Institution of nutritional support after 48-72 hours of mechanical ventilation usually is recommended. Unless contraindicated because of an acute abdomen, ileus, gastrointestinal bleeding, or other conditions, enteral nutrition via a feeding tube is preferable to intravenous hyperalimentation. A low-carbohydrate high-fat enteral formula containing components that are anti-inflammatory and vasodilating (eicosapentaenoic acid and linoleic acid) with antioxidants has been demonstrated in some studies to improve outcome in ARDS.^20,21 In a prospective, randomized study of ARDS patients fed with an enteral nutrition formula containing antioxidants, eicosapentaenoic acid, and gamma-linoleic acid compared with a standard isocaloric formula, Pontes-Arruda demonstrated improved survival and oxygenation in patients receiving the specialized diet.

Activity

Patients with acute respiratory distress syndrome (ARDS) are at bedrest. Frequent position change and passive and, if possible, active range of motion activities of all muscle groups should be started immediately.
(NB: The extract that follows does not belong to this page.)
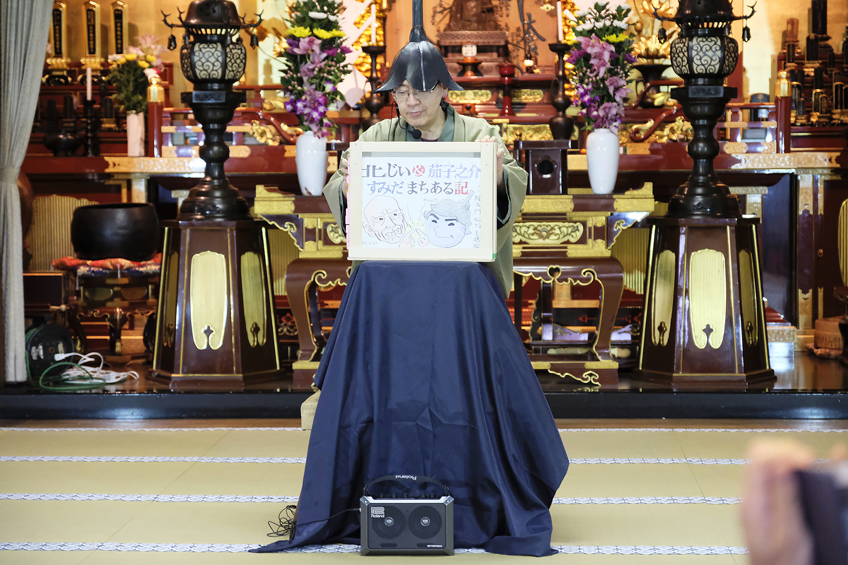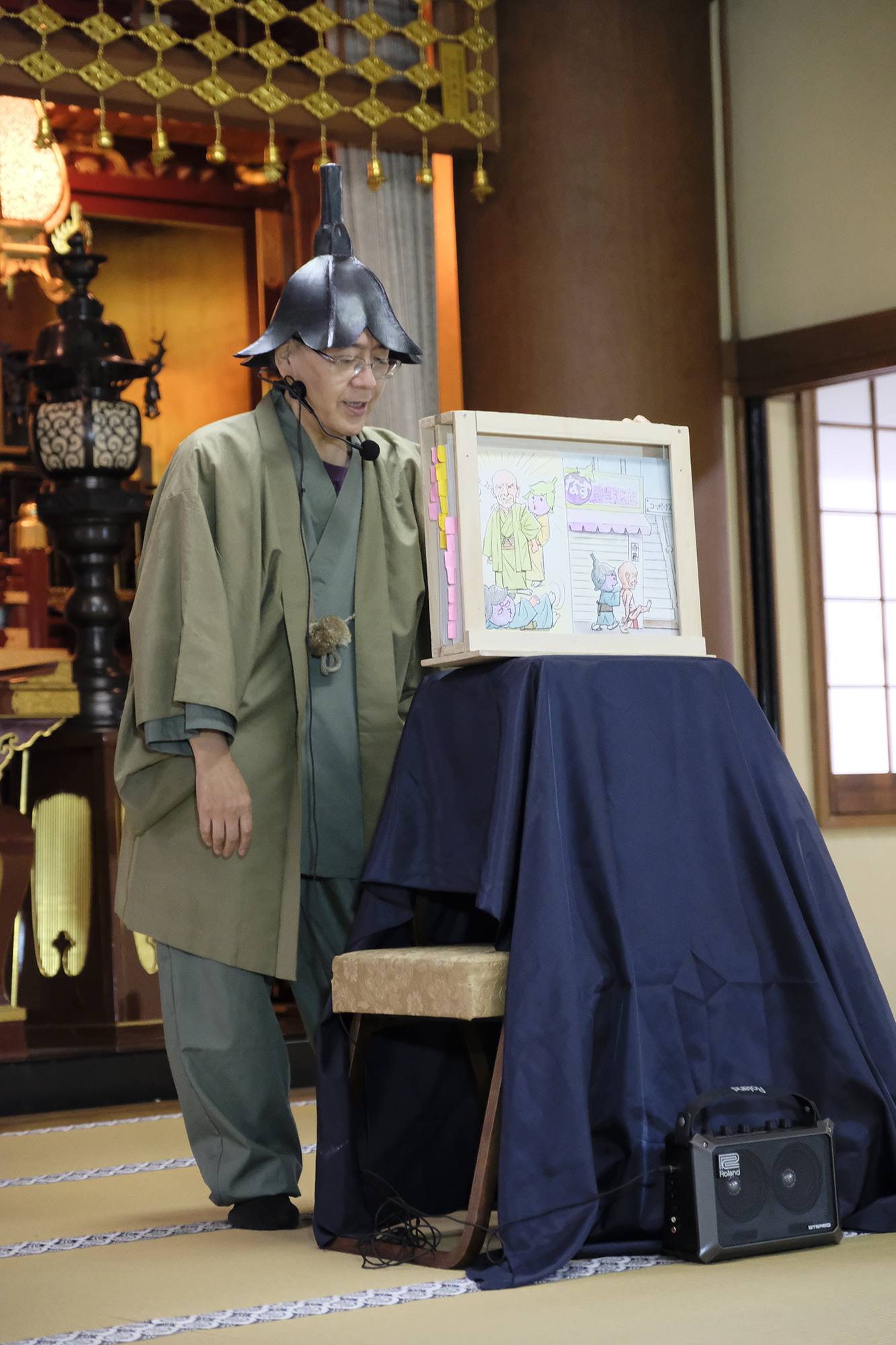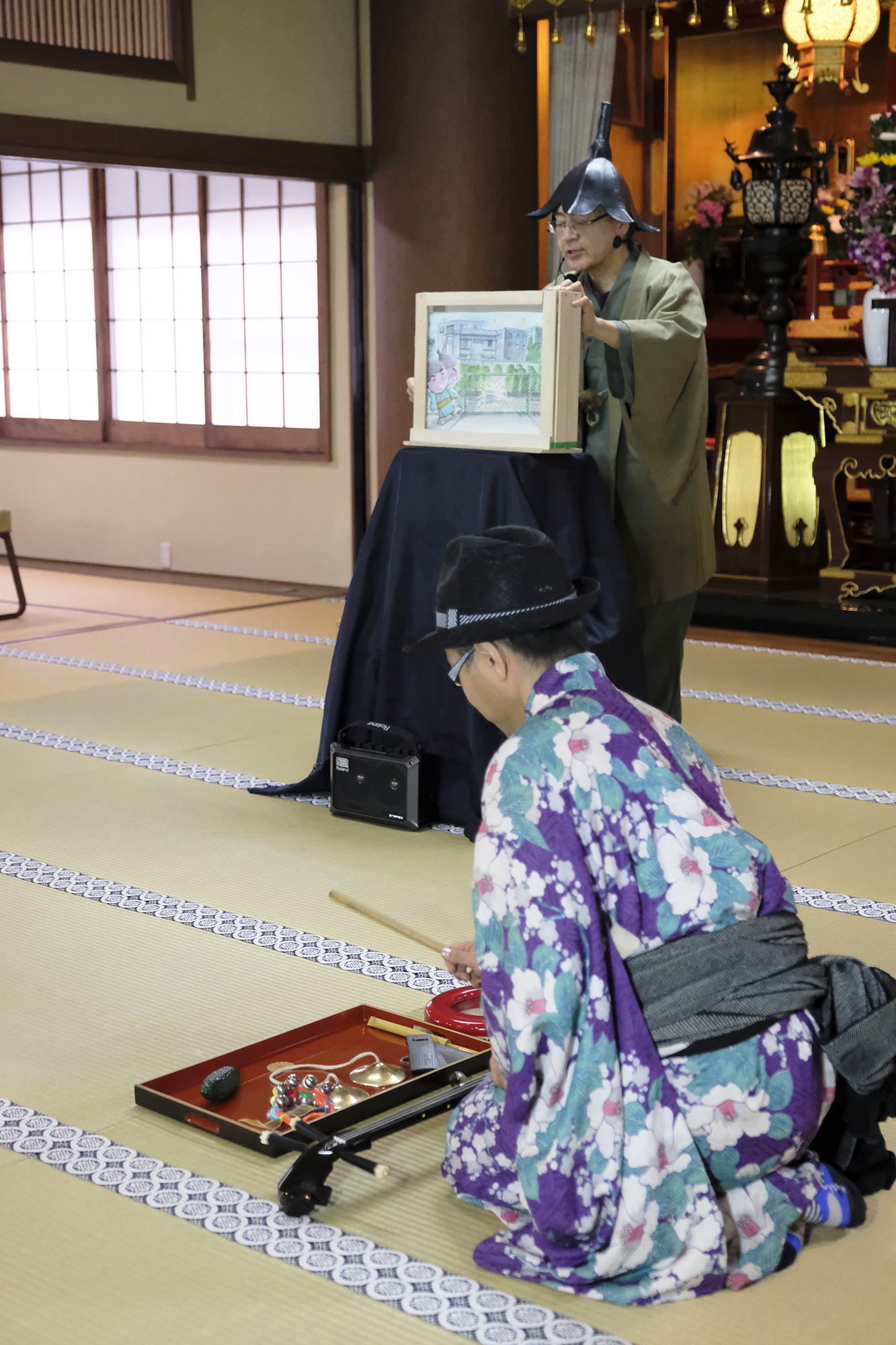 そして次はこの辺り葛飾では有名な、茄子爺こと田村風來門さんによる”北じぃ&茄子之介すみだまちある記”の紙芝居。その名の通り、茄子の帽子を被り、茄子のへたの様な色の御着物姿の田村風來門さん!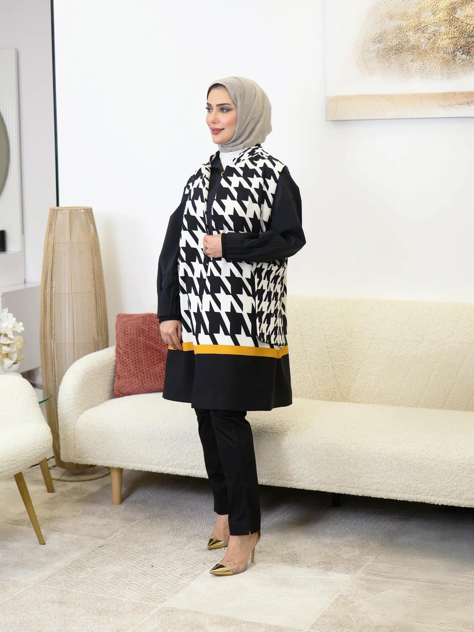 الرئيسيةجيليه من الكريب بنقش هندسيجيليه من الكريب بنقش هندسيبلاك وايت0الوصفجيليه نسائي عصري بتصميم مميز من خام الكريب، يزدان بنقش هندسي جذاب يضفي طابعاً فريداً، ومزود بجيوب جانبية عملية لتمنحك إطلالة يومية تجمع بين الأناقة والراحةالقياس1234

Elevation of the head of the bed to a 45° angle is recommended to diminish the development of ventilator-associated pneumonia.

Medication

No drug has proved beneficial in the prevention or management of ARDS. The early administration of corticosteroids in septic patients does not prevent the development of ARDS. Numerous pharmacologic therapies, including the use of inhaled synthetic surfactant, intravenous antibody to endotoxin, ketoconazole, and ibuprofen, have been tried and are not effective.²² Small sepsis trials suggest a potential role for antibody to TNF and recombinant IL-1 receptor antagonist. Inhaled nitric oxide (NO), a potent pulmonary vasodilator seemed promising in early trials, but in larger controlled trials, did not change mortality rates in adults with ARDS.^23,24

It was thought that there might be a role for high-dose corticosteroid therapy in patients with late (fibroproliferative phase) ARDS, because of apparent benefit in small trials.²⁵ However, an ARDS Study Network trial of methylprednisolone for patients with ARDS persistent for at least 7 days demonstrated no benefit in terms of 60-day mortality.²⁶ Patients treated late, 14 days after onset, had worsened mortality with corticosteroid therapy. Although no survival advantage was shown in patients treated with methylprednisolone, short-term clinical benefits included improved oxygenation and increased ventilator-free and shock-free days. Patients treated with corticosteroids were more likely to experience neuromuscular weakness, but the rate of infectious complications was not increased.

Corticosteroids

Development of the late phase of ARDS may represent continued uncontrolled inflammation and corticosteroids may be considered a form of rescue therapy that may improve oxygenation and hemodynamics but does not change mortality, except that corticosteroids increase mortality in patients with ARDS for more than 14 days.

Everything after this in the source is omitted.